- _Material provided_
*** Begin section ***
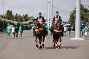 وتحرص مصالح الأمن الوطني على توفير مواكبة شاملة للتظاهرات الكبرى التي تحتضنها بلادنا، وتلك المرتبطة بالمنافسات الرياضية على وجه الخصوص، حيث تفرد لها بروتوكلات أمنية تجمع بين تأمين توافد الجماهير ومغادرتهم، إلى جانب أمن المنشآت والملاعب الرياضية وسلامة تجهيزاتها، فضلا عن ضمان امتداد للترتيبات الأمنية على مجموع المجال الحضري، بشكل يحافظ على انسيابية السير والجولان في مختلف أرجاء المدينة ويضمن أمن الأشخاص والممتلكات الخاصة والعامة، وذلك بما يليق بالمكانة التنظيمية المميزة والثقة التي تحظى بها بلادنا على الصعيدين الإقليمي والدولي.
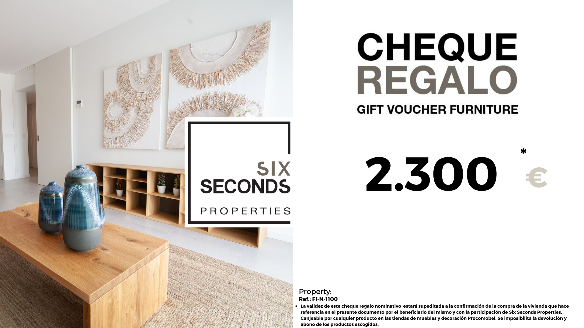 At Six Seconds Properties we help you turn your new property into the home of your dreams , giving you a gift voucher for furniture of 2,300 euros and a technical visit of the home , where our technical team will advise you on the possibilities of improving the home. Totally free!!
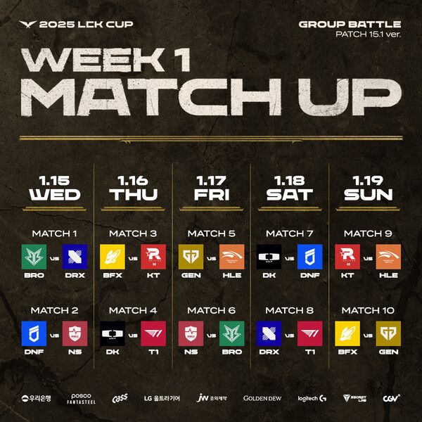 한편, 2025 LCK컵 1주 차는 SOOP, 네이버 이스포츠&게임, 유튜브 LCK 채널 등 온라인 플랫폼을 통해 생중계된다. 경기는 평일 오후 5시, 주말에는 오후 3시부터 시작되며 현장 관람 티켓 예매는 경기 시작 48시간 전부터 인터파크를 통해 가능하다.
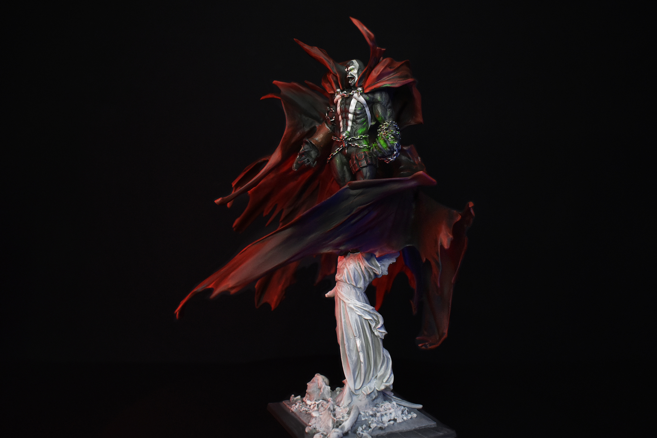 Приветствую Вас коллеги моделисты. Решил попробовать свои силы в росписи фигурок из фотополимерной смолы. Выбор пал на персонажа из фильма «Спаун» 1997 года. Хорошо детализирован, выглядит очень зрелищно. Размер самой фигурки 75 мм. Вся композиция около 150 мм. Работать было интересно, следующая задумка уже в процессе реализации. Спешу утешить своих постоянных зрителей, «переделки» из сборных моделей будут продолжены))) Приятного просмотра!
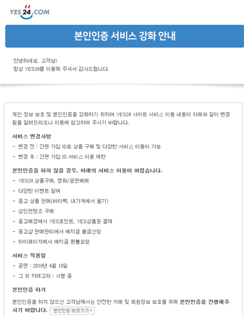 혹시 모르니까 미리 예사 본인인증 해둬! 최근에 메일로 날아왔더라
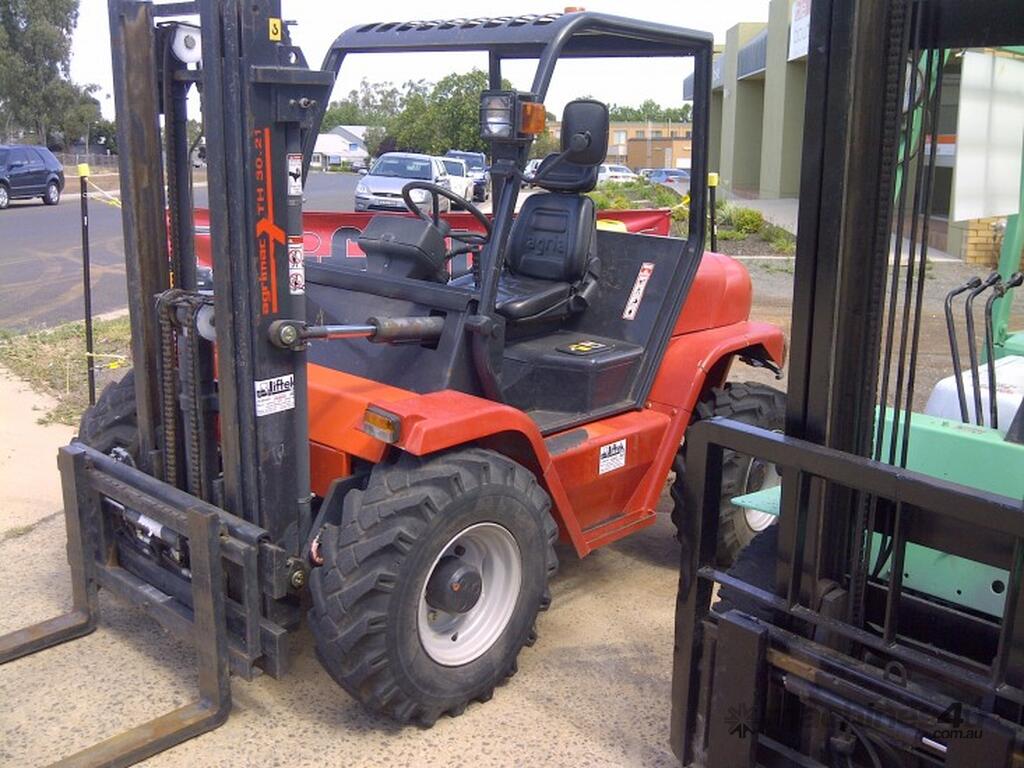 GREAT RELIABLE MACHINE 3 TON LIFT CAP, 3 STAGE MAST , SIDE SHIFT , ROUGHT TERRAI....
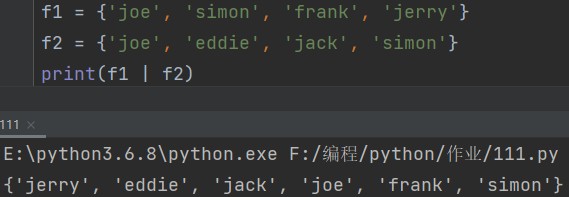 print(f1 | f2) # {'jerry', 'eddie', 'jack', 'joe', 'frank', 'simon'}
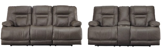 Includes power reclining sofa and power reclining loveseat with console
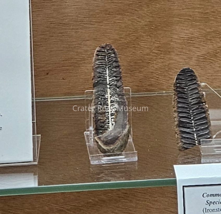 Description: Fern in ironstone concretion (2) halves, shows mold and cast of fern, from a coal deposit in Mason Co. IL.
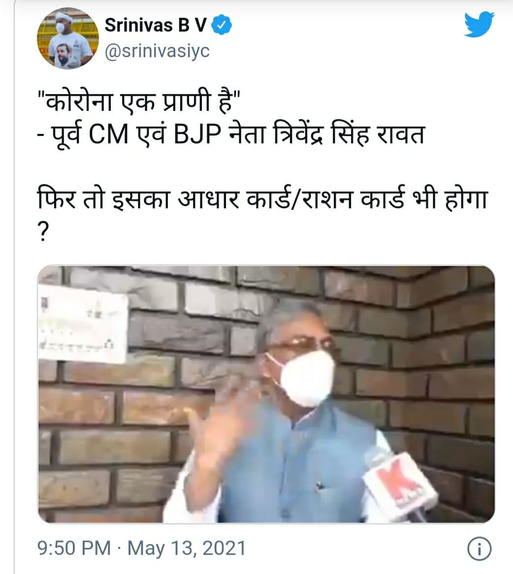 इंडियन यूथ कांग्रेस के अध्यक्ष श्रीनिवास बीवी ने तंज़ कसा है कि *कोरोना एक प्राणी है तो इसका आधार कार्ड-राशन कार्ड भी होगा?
*** End section ***
*** Begin section ***
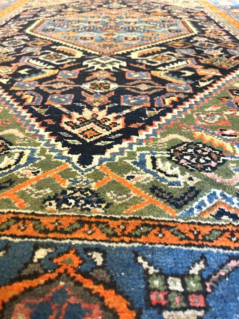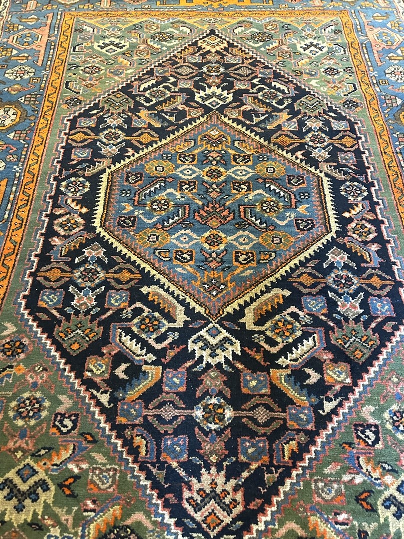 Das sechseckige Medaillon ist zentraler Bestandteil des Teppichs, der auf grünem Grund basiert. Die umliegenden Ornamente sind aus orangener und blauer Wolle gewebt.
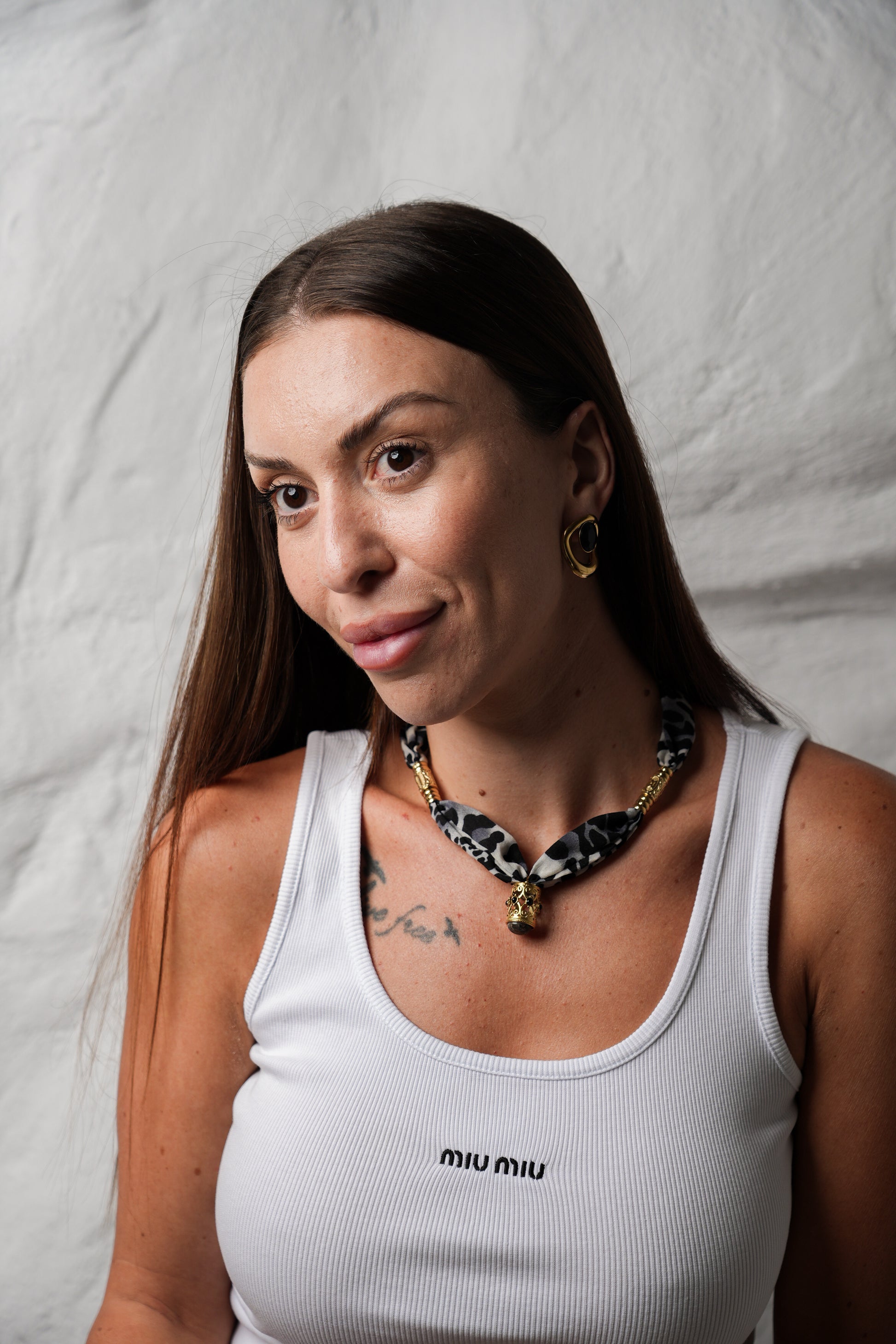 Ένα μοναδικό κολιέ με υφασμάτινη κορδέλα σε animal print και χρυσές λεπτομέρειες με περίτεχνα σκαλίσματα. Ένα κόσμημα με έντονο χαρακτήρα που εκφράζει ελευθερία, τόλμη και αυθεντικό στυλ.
*** End section ***
- _What the task requires_
Starting at the line with "Description: Fern in" in the entries above, write out every line exactly until the line with "इंडियन यूथ कांग्रेस" has been written. Include no pictures and nothing more.

- _Problem solution_
 Description: Fern in ironstone concretion (2) halves, shows mold and cast of fern, from a coal deposit in Mason Co. IL.
 इंडियन यूथ कांग्रेस के अध्यक्ष श्रीनिवास बीवी ने तंज़ कसा है कि *कोरोना एक प्राणी है तो इसका आधार कार्ड-राशन कार्ड भी होगा?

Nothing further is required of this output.